More immediate competition comes from SpaceX, Elon Musk’s aerospace and AI conglomerate. Following its merger with xAI, SpaceX is accelerating its narrative around 'orbital data centers,' positioning itself as a provider of AI infrastructure from space. SpaceX filed its IPO registration statement in mid-May and launched its investor roadshow last week, targeting a market debut as early as June 12. Its filings list OpenAI, Anthropic, and Google (GOOGL.US) as 'key competitors' in the AI sector.
According to compiled data, SpaceX’s IPO valuation is expected to be approximately $1.77 trillion, with plans to raise $75 billion. Although Anthropic’s final IPO fundraising size has not been confirmed, market participants widely anticipate it could exceed $60 billion. If OpenAI’s eventual offering is added to the mix, the combined fundraising from these three companies could easily surpass $200 billion, injecting nearly $4 trillion in new market capitalization into the market.

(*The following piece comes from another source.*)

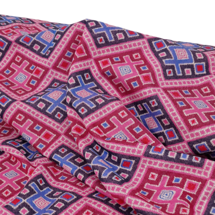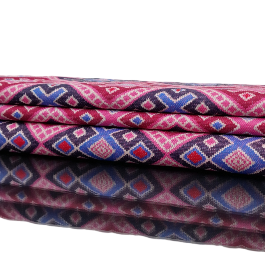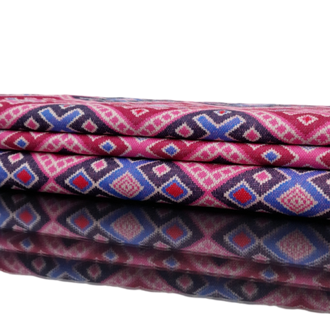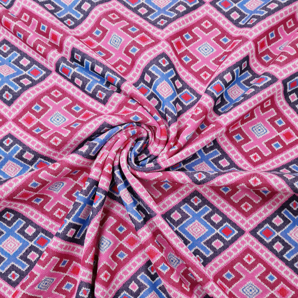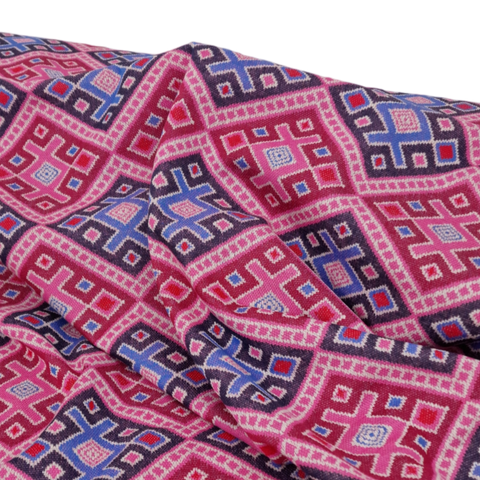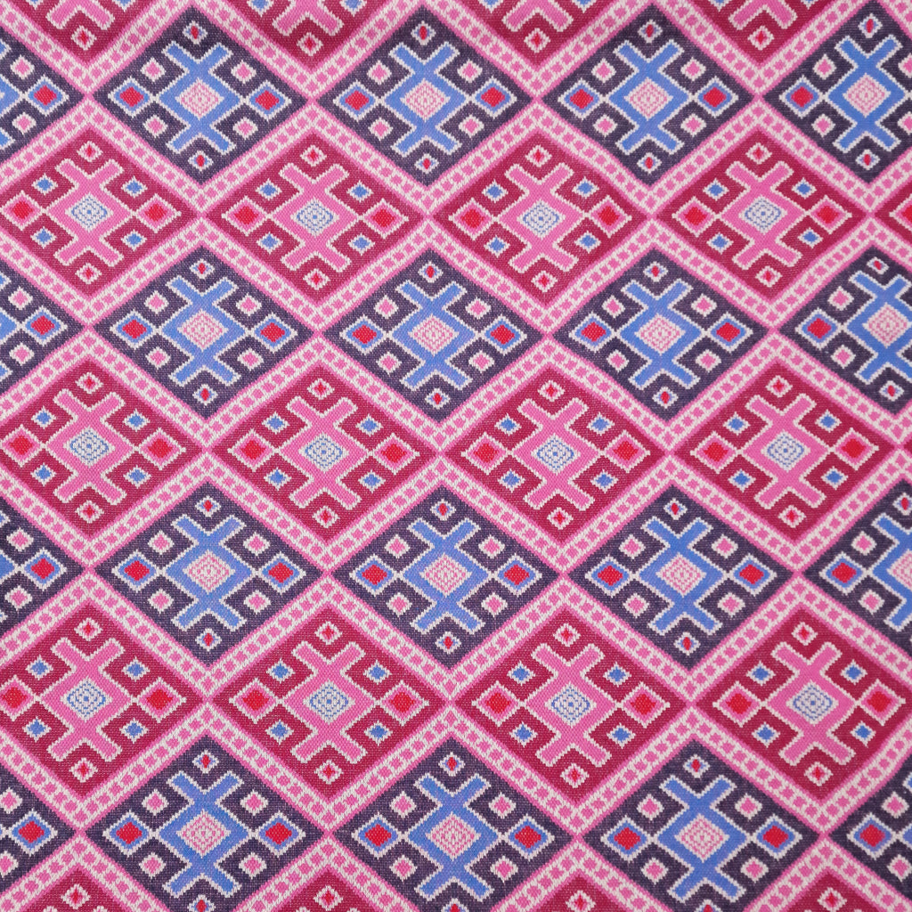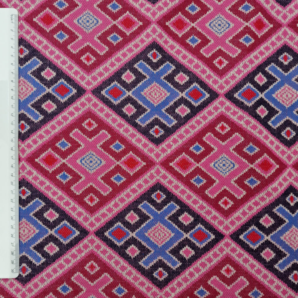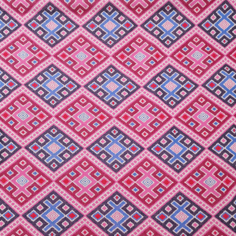 Strick in rosa und pink sowie blau als Rauten und Vierecke.

Index Inclusion and Lock-Up Expiry: Dual Tests for Market Supply
Whether the U.S. equity market can smoothly absorb such massive supply has become traders’ foremost concern.
In the short term, passive investment flows through index funds may offer some support. Steve Sosnick, chief strategist at Interactive Brokers, noted that the key lies in how quickly newly listed stocks are included in major indices. Once newly public companies are swiftly added to benchmark indices like the S&P 500 or Russell 3000, ETFs tracking those indices will be compelled to purchase significant quantities, creating initial buying pressure. However, analysts point out that even based on current ultra-high valuation estimates, SpaceX’s initial weighting in the S&P 500 would likely be only around 0.1%, and even under Nasdaq-100 rules allowing up to triple weighting based on free float, its initial weight would still be just about 0.5%. Thus, the actual near-term support from passive funds may be relatively limited.

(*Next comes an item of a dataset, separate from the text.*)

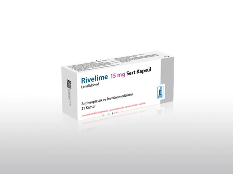 RİVELİME 15 mg sert kapsül, mavi renkli kapak ve beyaz renkli gövdeli kapsüller halindedir. Her kutuda 21 kapsül vardır. RİVELİME, lenalidomid isimli etkin maddeyi içerir. Bağışıklık sisteminin fonksiyonlarını değiştirebilen ya da düzenleyebilen immünomodülatörler olarak isimlendirilen bir grup ilaç sınıfındandır.
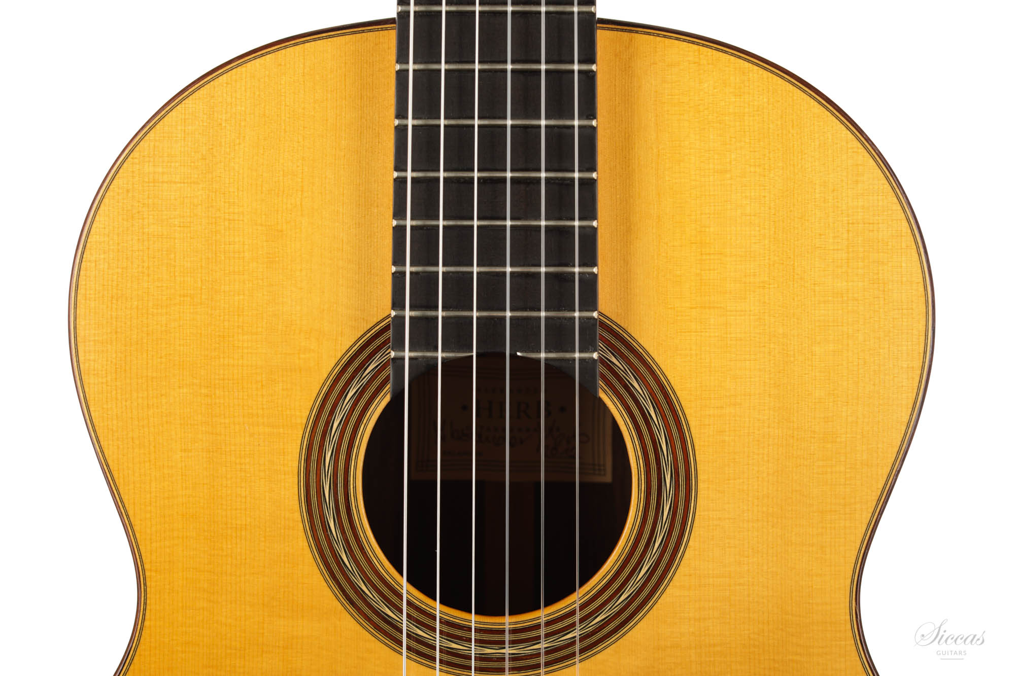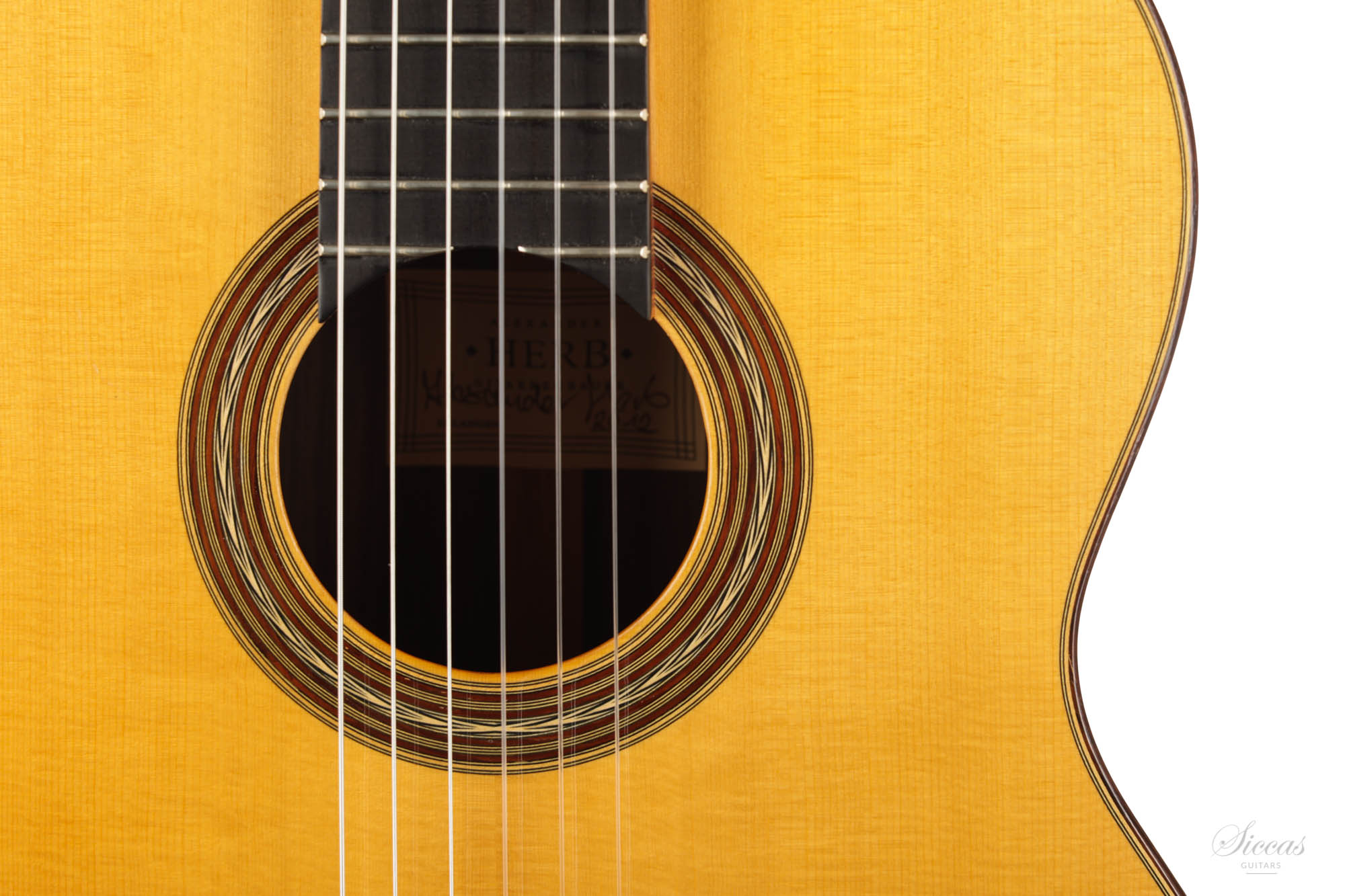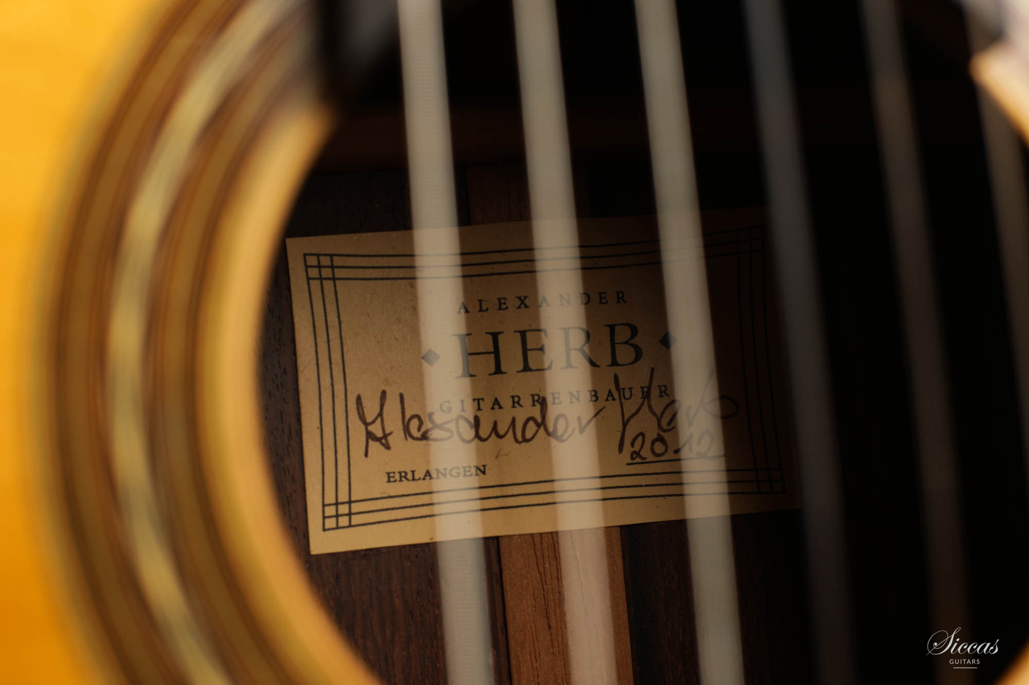 This instrument made by Alexander Herb is a great concert guitar with a powerful voice, the core of the tone is very profound. Clear and vibrant trebles paired with excellent bass response makes for an inspiring guitar to play on. It is very easy to play and you get the feeling that you do not need to work hard to produce a beautiful sound. During further investigation the guitar has one repaired crack under the bridge that is repaired professionally and it is perfectly stable.

What markets truly fear is the selling pressure following the expiration of IPO lock-up periods. For instance, SpaceX is expected to have only about 4% of its shares freely tradable at listing. According to its disclosed lock-up schedule, insiders could sell 20% of their holdings after the first quarterly earnings release, with an additional 10% allowed if the share price rises more than 30% above the IPO price. Roughly half of Elon Musk’s personally held shares are subject to a 366-day post-listing sale restriction, while the remainder face earlier expirations. When these massive blocks of shares enter the secondary market in stages, they could exert sustained pressure on supply-demand dynamics.

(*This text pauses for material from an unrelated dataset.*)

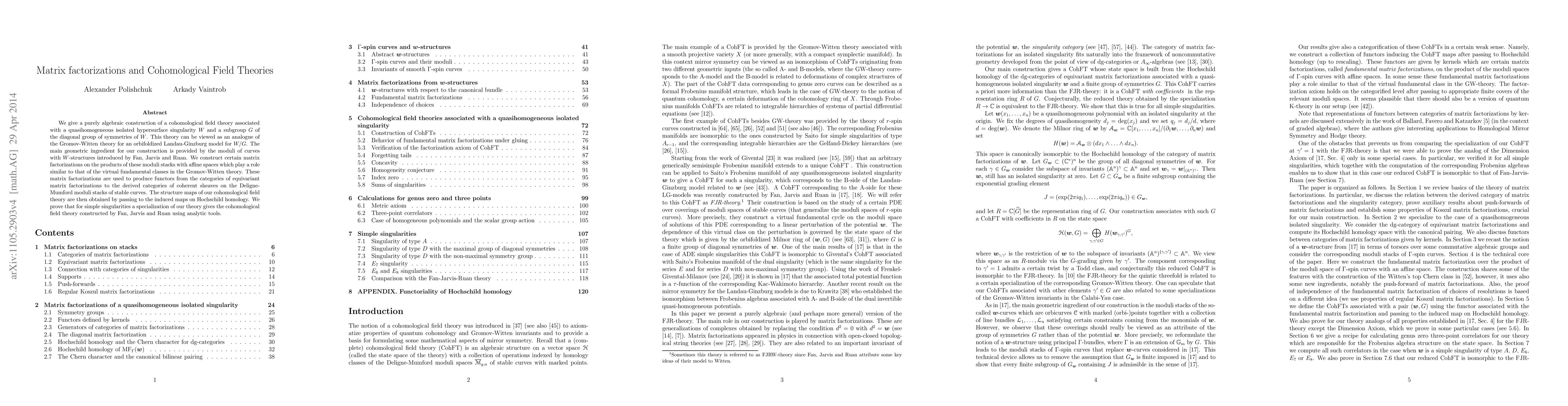 We give a purely algebraic construction of a cohomological field theory associated with a quasihomogeneous isolated hypersurface singularity W and a subgroup G of the diagonal group of symmetries of W. This theory can be viewed as an analogue of the Gromov-Witten theory for an orbifoldized Landau-Ginzburg model for W/G. The main geometric ingredient for our construction is provided by the moduli of curves with W-structures introduced by Fan, Jarvis and Ruan. We construct certain matrix factorizations on the products of these moduli stacks with affine spaces which play a role similar to that of the virtual fundamental classes in the Gromov-Witten theory. These matrix factorizations are used to produce functors from the categories of equivariant matrix factorizations to the derived categories of coherent sheaves on the Deligne-Mumford moduli stacks of stable curves. The structure maps of our cohomological field theory are then obtained by passing to the induced maps on Hochschild homology. We prove that for simple singularities a specialization of our theory gives the cohomological field theory constructed by Fan, Jarvis and Ruan using analytic tools.

Historical data also serves as a warning. Research by University of Florida professor Jay Ritter shows that from 1980 to 2024, U.S. IPOs underperformed the broader market by an average of 20 percentage points over the three years following listing. Companies valued at more than 40 times revenue fared even worse, lagging by as much as 58 percentage points. With SpaceX’s valuation nearing $1.8 trillion—over 90 times its annual revenue—such a high valuation multiple implies that even if short-term enthusiasm lifts the stock price, the long-term pressure for valuation correction will be substantial.